Please copy each line of the listing below precisely, excluding the images.

+===+

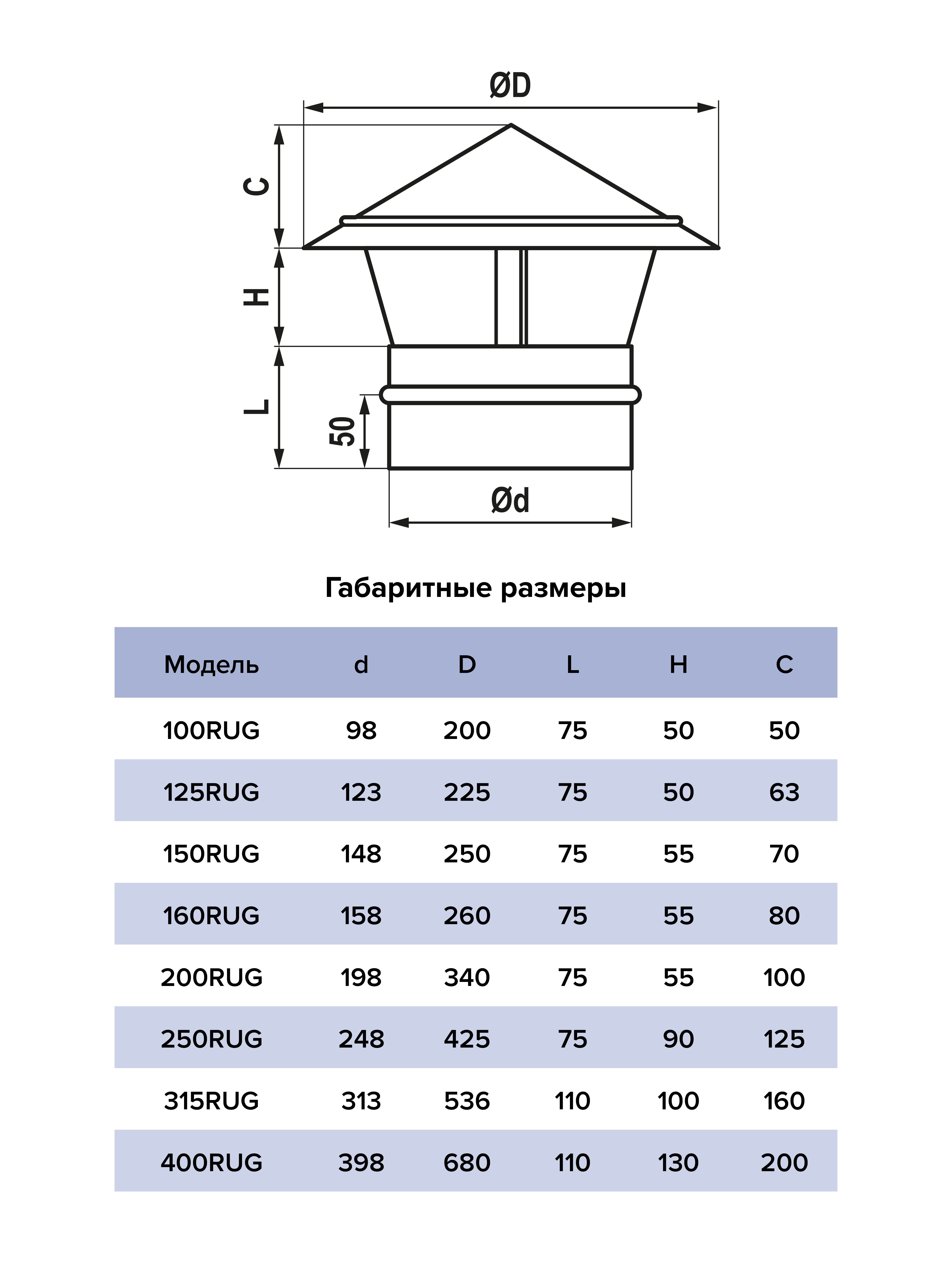 Крышные зонты для круглых каналов RUG изготовлены из оцинкованной стали. Устанавливаются на конечный участок выходящего наружу (на крышу) воздуховода. Монтируются вертикально непосредственно на воздуховод, выходящий за пределы кровли. Препятствуют засорению фильтров и шумоглушителей, повреждению вентиляторов, а также оседанию влаги на стенках воздуховодов и вентиляционной шахты. Предотвращают попадание дождя, снега, града, а также крупного мусора сверху в вентиляционную систему. Возможно изготовление специальных изделий.
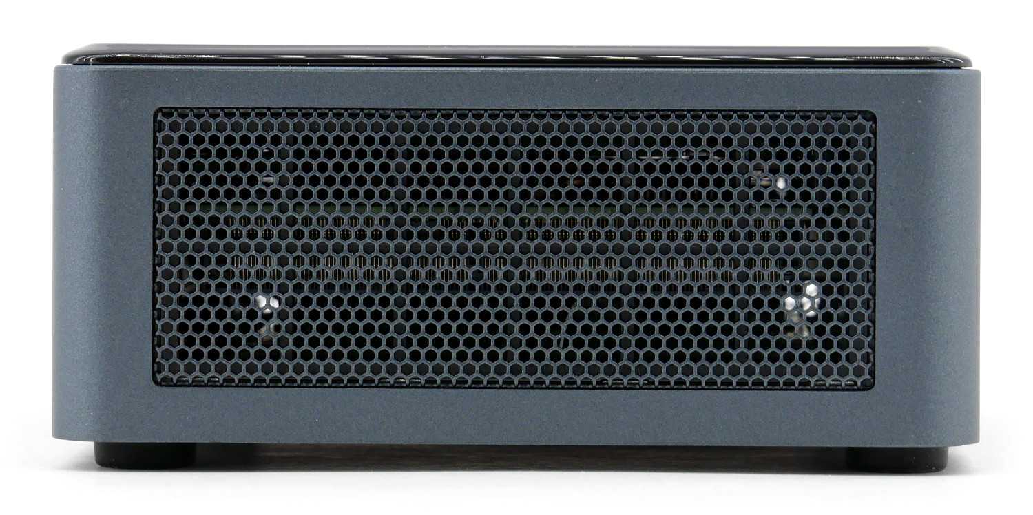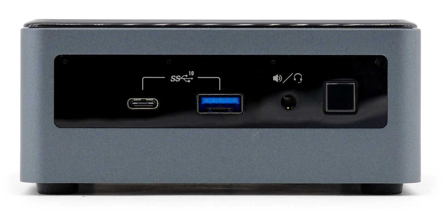 Корпус Intel NUC выделяется простотой, минималистичностью и симметричностью. В нашем случае модель Intel BXNUC10i7FNH2 имеет классическую серо-черную расцветку и приятный сдержанный дизайн, который идеально вписывается в практически любой интерьер и рабочую обстановку. Передняя лицевая панель предлагает кнопку включения с синей подсветкой логотипа, два порта USB 3.1 Gen2 стандартного типа А и унифицированного Type-C, комбинированный аналоговый разъем 3.5 мм для микрофона/наушников.
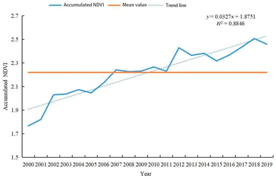 Interannual variation of accumulated NDVI in the growing season of the study area.
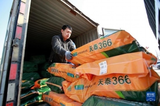 2月16日,在山東省臨沂市平邑縣一家種業(yè)公司,工人將玉米種裝車外運。
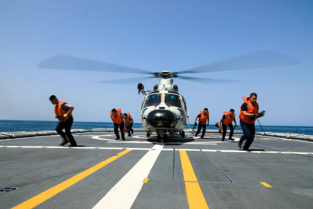 近日亚丁湾某海域正在执行护航任务的海军第47批护航编队红河舰开展多观察实际使用武器训练▲红河舰“战斗救援……”“另一‘敌’舰艇正向我舰快速逼近” ……雷达战位发现目标正在航行的红河舰调整至攻击阵位▲主
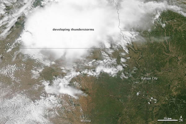 美国宇航局地球观测站公布了一组风景摄影及卫星照片,展示了今年5月发生在美国堪萨斯州威奇托市的暴风景象。
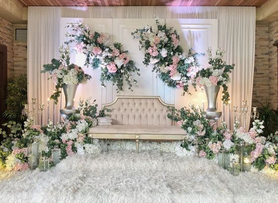 - Весеннее торжество подразумевает использование нежных оттенков, тканевых драпировок, живых цветов.
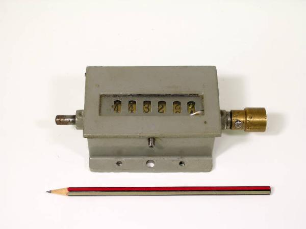 Lo strumento è costituito da un corpo metallico verniciato di grigio con una finestra per la lettura di 6 cifre. A destra la parte (in ottone) che con la sua rotazione provoca l'avanzamento delle cifre.
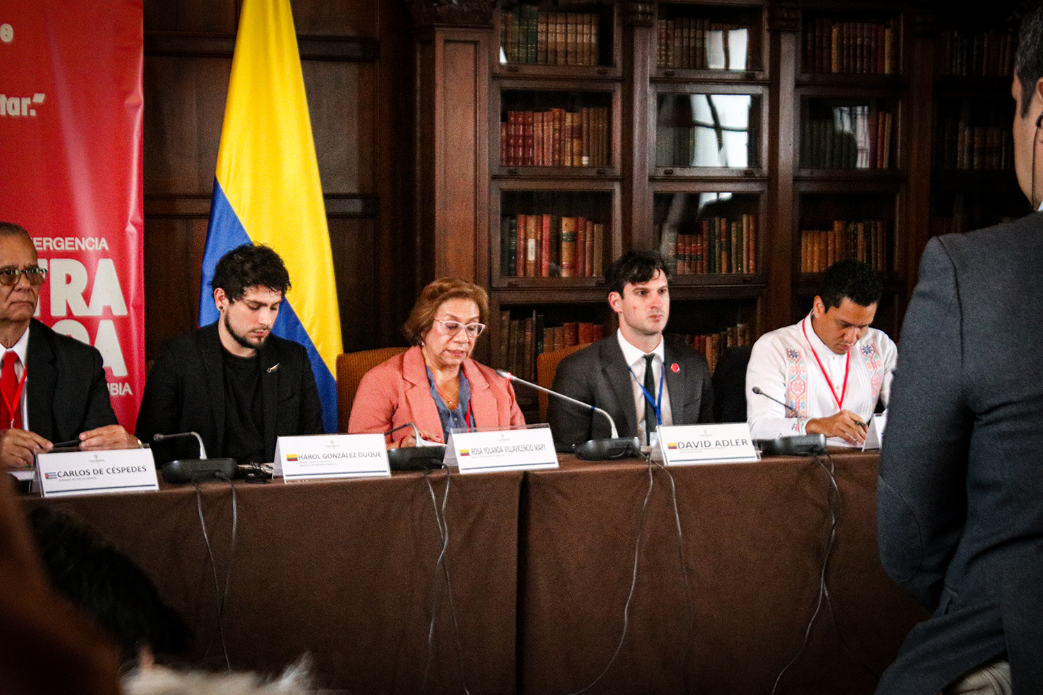 ^From Left to Right: Cuban Ambassador to Colombia Carlos de Céspedes, Harol González Duque Director de la Academia Diplomática, Colombia Minister of Foreign Affairs Rosa Yolanda Villavicencio Mapy, David Adler Photo: Seth Garben
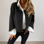 Intemporel et moderne à la fois, le manteau Andréa™ séduit par sa ligne douce, légèrement cintrée, et son modèle ouvert qui se pose avec élégance sur un chemisier ou un col roulé. Ses épaules tombantes sculptent une allure décontractée mais soignée, tandis que ses gros boutons décoratifs sur le haut et ses côtés subtilement raccourcis signent une silhouette résolument contemporaine — parfaite pour la mi-saison et les journées plus fraîches.
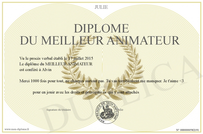Envoyez par email votre Diplôme du meilleur animateur personalisé
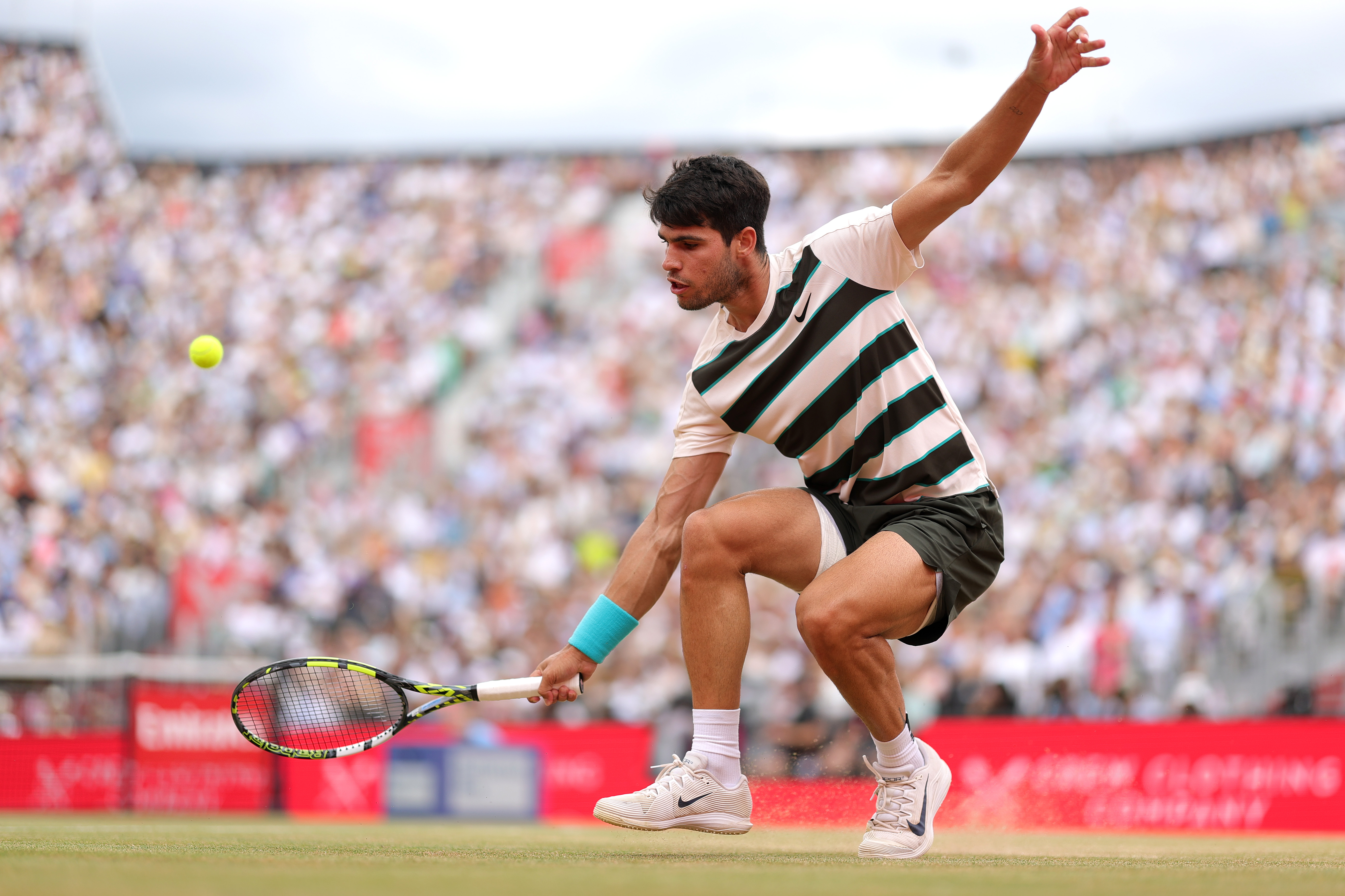 Carlos Alcaraz of Spain plays a backhand against Jiri Lehecka of Czechia during the Men's Singles Final on Day Fourteen of the 2025 HSBC Championships at The Queen's Club on June 22, 2025 in London, England. (Photo by Julian Finney/Getty Images)
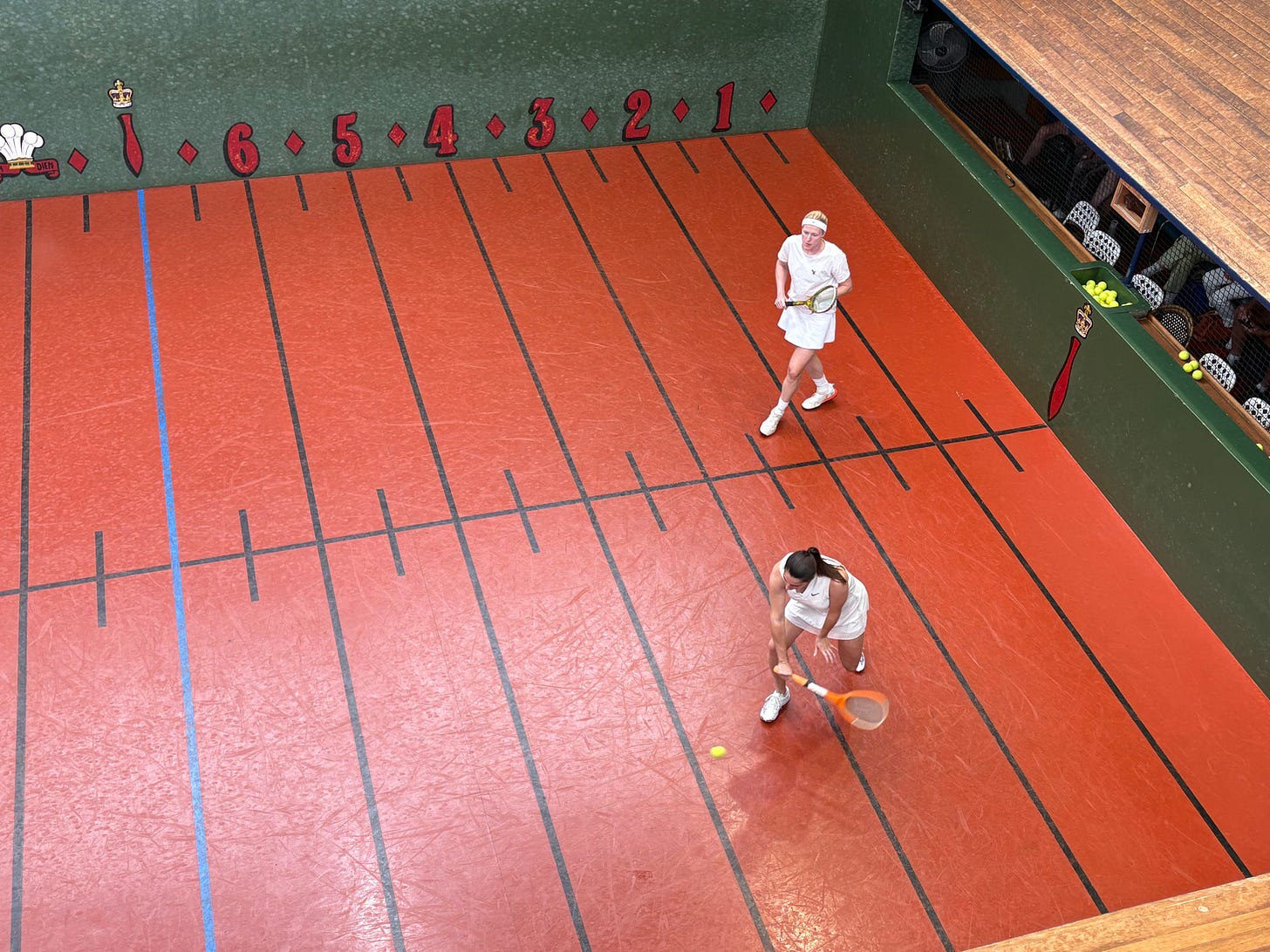 Riviere was at the peak of his powers going into the second set, keeping the energy high and entertaining the crowd with his extreme prowess and strokemaking. Chapman joined in the fun too at times, but was mostly playing a stabilising role to Riviere’s chaos. One amusing point saw Riviere launch a high back wall that flew back over to his side of the net for him to attempt to volley again — called correctly as a double hit. Riviere was more than happy to entertain the crowd of Boomerang Cup players, filling out all of the galleries of the court. Gale and Williams were only too happy to join in the fun, playing an exhilirating match of doubles, but Riviere was the main attraction. He and Chapman won the final two sets comfortably, closing out the list of finalists.
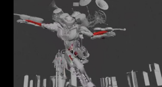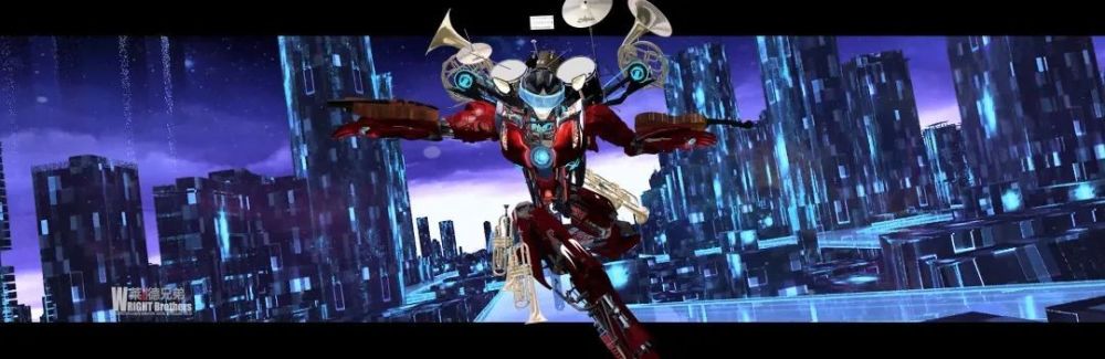 莱一德动画团队投重本为本次元宇宙音乐会精心设计了原创IP角色——元宇宙变形金刚。IP角色是由众多交响乐乐器元素,通过变形金刚变形手法组合变成一位炫酷的变形金刚人,带着元宇宙VR眼镜,用裸眼3D的设计手法,从元宇宙星云幻变出来,冲出画面。设计制作运用了3D骨骼绑定动捕系统、三维精密建模、变形金刚原创虚拟机械系统等技法,科技感精致酷炫,呼应音乐会的动漫主题。同时虚拟设计了一个元宇宙广州天河中轴线的超级数字场景空间长镜头,呼应“宙响天河”主题。
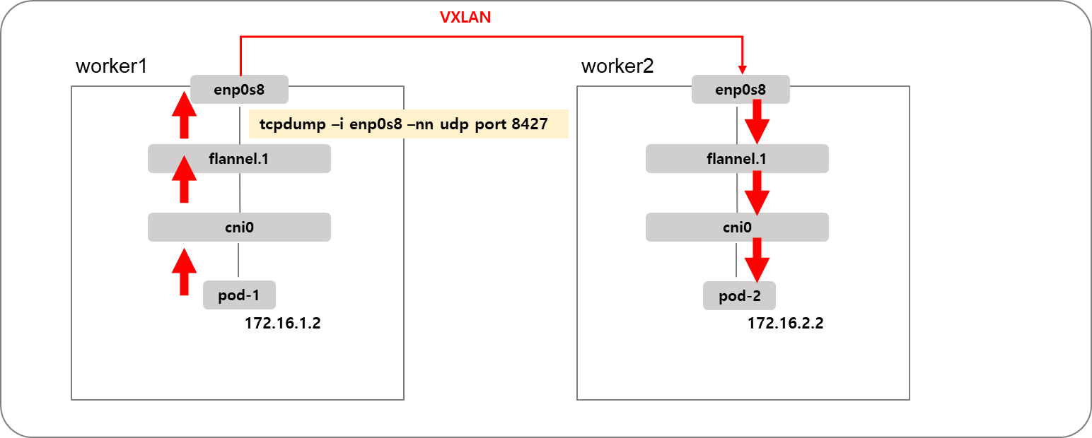 flannel.1인터페이스 입장에서는 (아마도 flannel 데몬셋이 제어) 다른 노드로 가는 패킷이므로 enp0s8인터페이스로 패킷을 전달합니다. 이때, VXLAN이 적용되어 POD식별정보가 UDP패킷으로 캡슐화됩니다.

+===+

**REPLY TO THE TASK:**
 Крышные зонты для круглых каналов RUG изготовлены из оцинкованной стали. Устанавливаются на конечный участок выходящего наружу (на крышу) воздуховода. Монтируются вертикально непосредственно на воздуховод, выходящий за пределы кровли. Препятствуют засорению фильтров и шумоглушителей, повреждению вентиляторов, а также оседанию влаги на стенках воздуховодов и вентиляционной шахты. Предотвращают попадание дождя, снега, града, а также крупного мусора сверху в вентиляционную систему. Возможно изготовление специальных изделий.
 Корпус Intel NUC выделяется простотой, минималистичностью и симметричностью. В нашем случае модель Intel BXNUC10i7FNH2 имеет классическую серо-черную расцветку и приятный сдержанный дизайн, который идеально вписывается в практически любой интерьер и рабочую обстановку. Передняя лицевая панель предлагает кнопку включения с синей подсветкой логотипа, два порта USB 3.1 Gen2 стандартного типа А и унифицированного Type-C, комбинированный аналоговый разъем 3.5 мм для микрофона/наушников.
 Interannual variation of accumulated NDVI in the growing season of the study area.
 2月16日,在山東省臨沂市平邑縣一家種業(yè)公司,工人將玉米種裝車外運。
 近日亚丁湾某海域正在执行护航任务的海军第47批护航编队红河舰开展多观察实际使用武器训练▲红河舰“战斗救援……”“另一‘敌’舰艇正向我舰快速逼近” ……雷达战位发现目标正在航行的红河舰调整至攻击阵位▲主
 美国宇航局地球观测站公布了一组风景摄影及卫星照片,展示了今年5月发生在美国堪萨斯州威奇托市的暴风景象。
 - Весеннее торжество подразумевает использование нежных оттенков, тканевых драпировок, живых цветов.
 Lo strumento è costituito da un corpo metallico verniciato di grigio con una finestra per la lettura di 6 cifre. A destra la parte (in ottone) che con la sua rotazione provoca l'avanzamento delle cifre.
 ^From Left to Right: Cuban Ambassador to Colombia Carlos de Céspedes, Harol González Duque Director de la Academia Diplomática, Colombia Minister of Foreign Affairs Rosa Yolanda Villavicencio Mapy, David Adler Photo: Seth Garben
 Intemporel et moderne à la fois, le manteau Andréa™ séduit par sa ligne douce, légèrement cintrée, et son modèle ouvert qui se pose avec élégance sur un chemisier ou un col roulé. Ses épaules tombantes sculptent une allure décontractée mais soignée, tandis que ses gros boutons décoratifs sur le haut et ses côtés subtilement raccourcis signent une silhouette résolument contemporaine — parfaite pour la mi-saison et les journées plus fraîches.
Envoyez par email votre Diplôme du meilleur animateur personalisé
 Carlos Alcaraz of Spain plays a backhand against Jiri Lehecka of Czechia during the Men's Singles Final on Day Fourteen of the 2025 HSBC Championships at The Queen's Club on June 22, 2025 in London, England. (Photo by Julian Finney/Getty Images)
 Riviere was at the peak of his powers going into the second set, keeping the energy high and entertaining the crowd with his extreme prowess and strokemaking. Chapman joined in the fun too at times, but was mostly playing a stabilising role to Riviere’s chaos. One amusing point saw Riviere launch a high back wall that flew back over to his side of the net for him to attempt to volley again — called correctly as a double hit. Riviere was more than happy to entertain the crowd of Boomerang Cup players, filling out all of the galleries of the court. Gale and Williams were only too happy to join in the fun, playing an exhilirating match of doubles, but Riviere was the main attraction. He and Chapman won the final two sets comfortably, closing out the list of finalists.
 莱一德动画团队投重本为本次元宇宙音乐会精心设计了原创IP角色——元宇宙变形金刚。IP角色是由众多交响乐乐器元素,通过变形金刚变形手法组合变成一位炫酷的变形金刚人,带着元宇宙VR眼镜,用裸眼3D的设计手法,从元宇宙星云幻变出来,冲出画面。设计制作运用了3D骨骼绑定动捕系统、三维精密建模、变形金刚原创虚拟机械系统等技法,科技感精致酷炫,呼应音乐会的动漫主题。同时虚拟设计了一个元宇宙广州天河中轴线的超级数字场景空间长镜头,呼应“宙响天河”主题。
 flannel.1인터페이스 입장에서는 (아마도 flannel 데몬셋이 제어) 다른 노드로 가는 패킷이므로 enp0s8인터페이스로 패킷을 전달합니다. 이때, VXLAN이 적용되어 POD식별정보가 UDP패킷으로 캡슐화됩니다.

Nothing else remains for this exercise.